# Work instructions
When you retype the records that follow, keep each word as it is and drop any pictures.

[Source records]
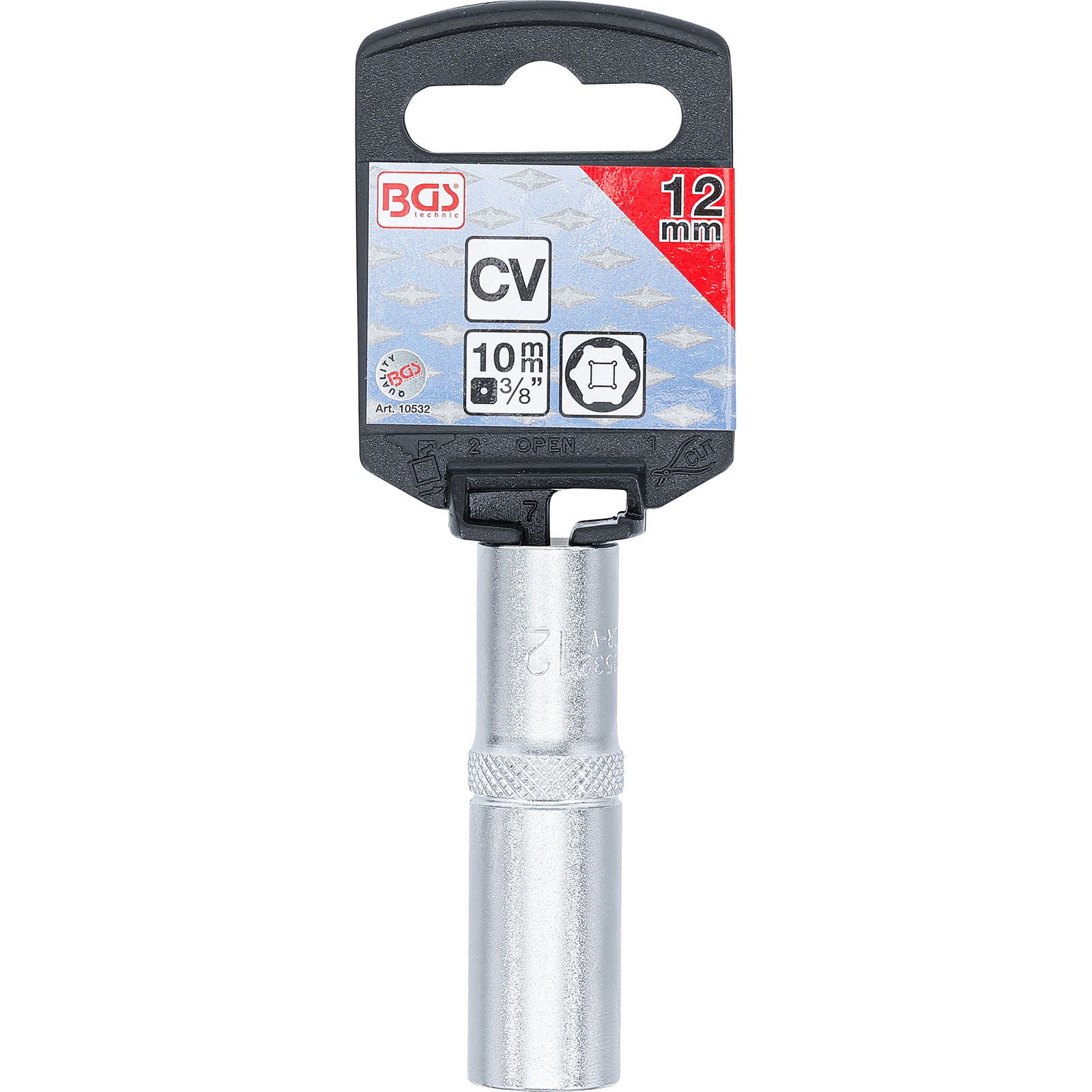 - 1x BGS Steckschlüssel-Einsatz Sechskant tief Antrieb Innenvierkant 10 mm (3/8") SW 12 mm
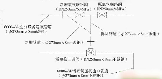 (1)將原DN250mm氧氣專用截止閥作為一段管道使用,閥門常年處于開啟狀態(tài);并緊固兩側(cè)法蘭,確保法蘭連接處不泄漏氧氣。在管道上重新加裝一個壓力為614MPa的DN250mm氧氣專用截止閥,將此閥門作為平時操作用切斷閥(中間聯(lián)絡(luò)閥)。
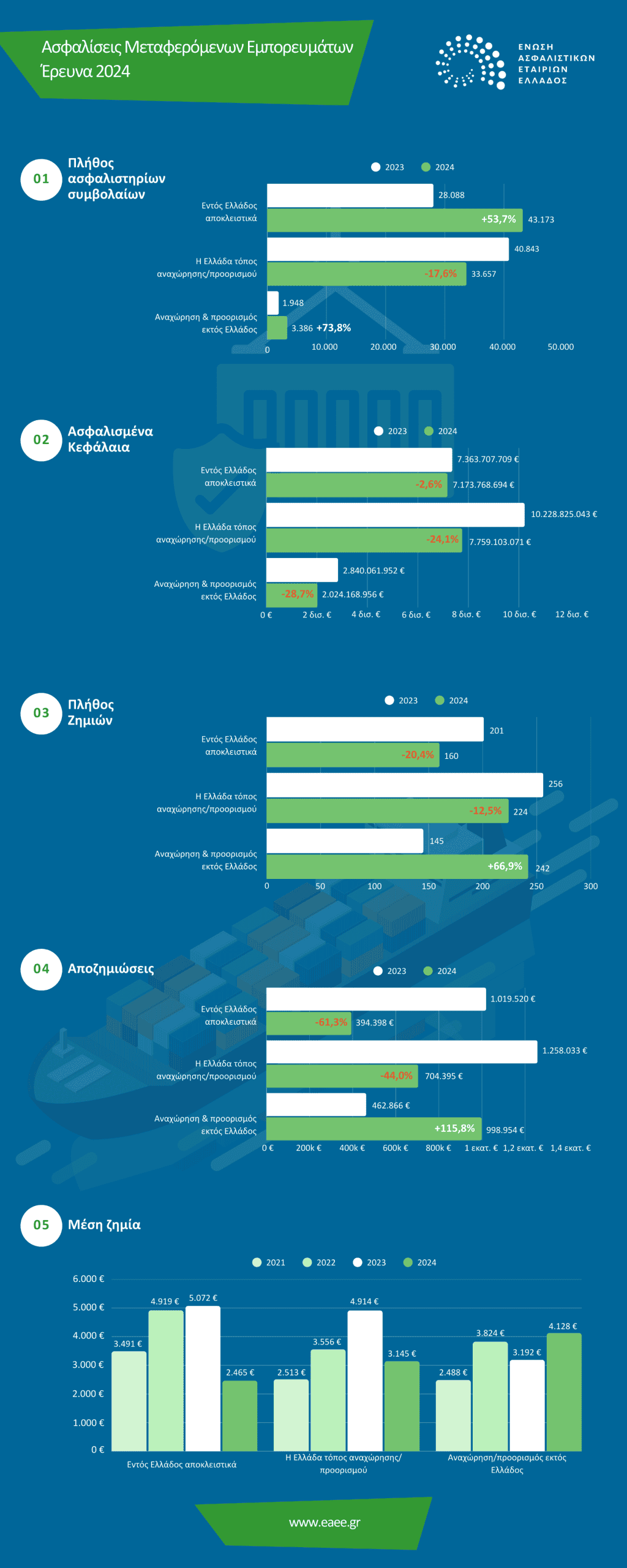 Την Έρευνα Έτους 2024 για τις Ασφαλίσεις Μεταφερόμενων Εμπορευμάτων δημοσίευσε η Ένωση Ασφαλιστικών Εταιρειών Ελλάδος. Περιλαμβάνονται τα στοιχεία 17 ασφαλιστικών επιχειρήσεων με καθεστώς εγκατάστασης, οι οποίες εκτιμάται ότι συγκεντρώνουν το 70% της συνολικής παραγωγής ασφαλίστρων των ασφαλίσεων μεταφερόμενων εμπορευμάτων, εκ των επιχειρήσεων που δραστηριοποιούνται στην Ελλάδα.
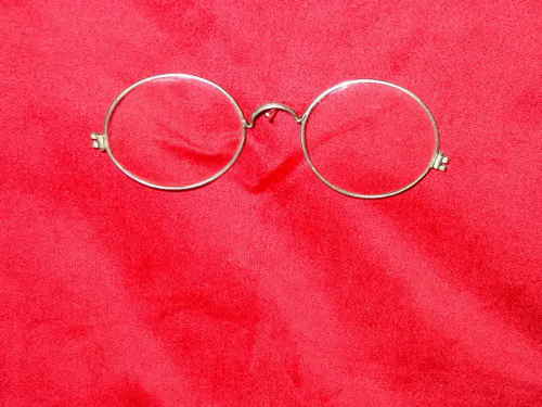 Questo esemplare, privo delle astine, è in metallo e monta lenti bianche, ovali.[Descrizione estratta dal database del Museo dell'Occhiale.]
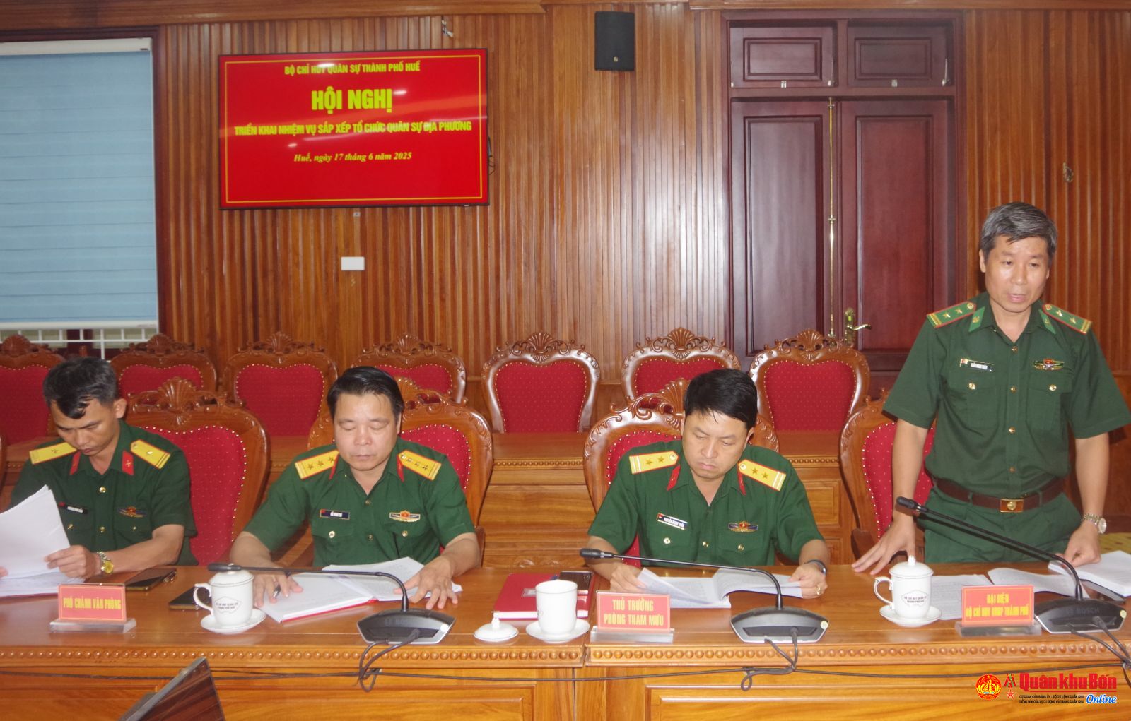 Trên cơ sở chỉ đạo của Bộ Tư lệnh Quân khu, tại hội nghị, Bộ CHQS thành phố Huế đã triển khai nhiệm vụ sắp xếp tổ chức quân sự địa phương; giải thể 9 Ban CHQS cấp huyện, thành lập các đơn vị phòng thủ khu vực; kiện toàn các Ban CHQS cấp xã, đơn vị dân quân tự vệ; tiếp nhận các đơn vị Biên phòng trực thuộc Ban Chỉ huy Bộ đội Biên phòng thành phố.

# Answer below
 - 1x BGS Steckschlüssel-Einsatz Sechskant tief Antrieb Innenvierkant 10 mm (3/8") SW 12 mm
 (1)將原DN250mm氧氣專用截止閥作為一段管道使用,閥門常年處于開啟狀態(tài);并緊固兩側(cè)法蘭,確保法蘭連接處不泄漏氧氣。在管道上重新加裝一個壓力為614MPa的DN250mm氧氣專用截止閥,將此閥門作為平時操作用切斷閥(中間聯(lián)絡(luò)閥)。
 Την Έρευνα Έτους 2024 για τις Ασφαλίσεις Μεταφερόμενων Εμπορευμάτων δημοσίευσε η Ένωση Ασφαλιστικών Εταιρειών Ελλάδος. Περιλαμβάνονται τα στοιχεία 17 ασφαλιστικών επιχειρήσεων με καθεστώς εγκατάστασης, οι οποίες εκτιμάται ότι συγκεντρώνουν το 70% της συνολικής παραγωγής ασφαλίστρων των ασφαλίσεων μεταφερόμενων εμπορευμάτων, εκ των επιχειρήσεων που δραστηριοποιούνται στην Ελλάδα.
 Questo esemplare, privo delle astine, è in metallo e monta lenti bianche, ovali.[Descrizione estratta dal database del Museo dell'Occhiale.]
 Trên cơ sở chỉ đạo của Bộ Tư lệnh Quân khu, tại hội nghị, Bộ CHQS thành phố Huế đã triển khai nhiệm vụ sắp xếp tổ chức quân sự địa phương; giải thể 9 Ban CHQS cấp huyện, thành lập các đơn vị phòng thủ khu vực; kiện toàn các Ban CHQS cấp xã, đơn vị dân quân tự vệ; tiếp nhận các đơn vị Biên phòng trực thuộc Ban Chỉ huy Bộ đội Biên phòng thành phố.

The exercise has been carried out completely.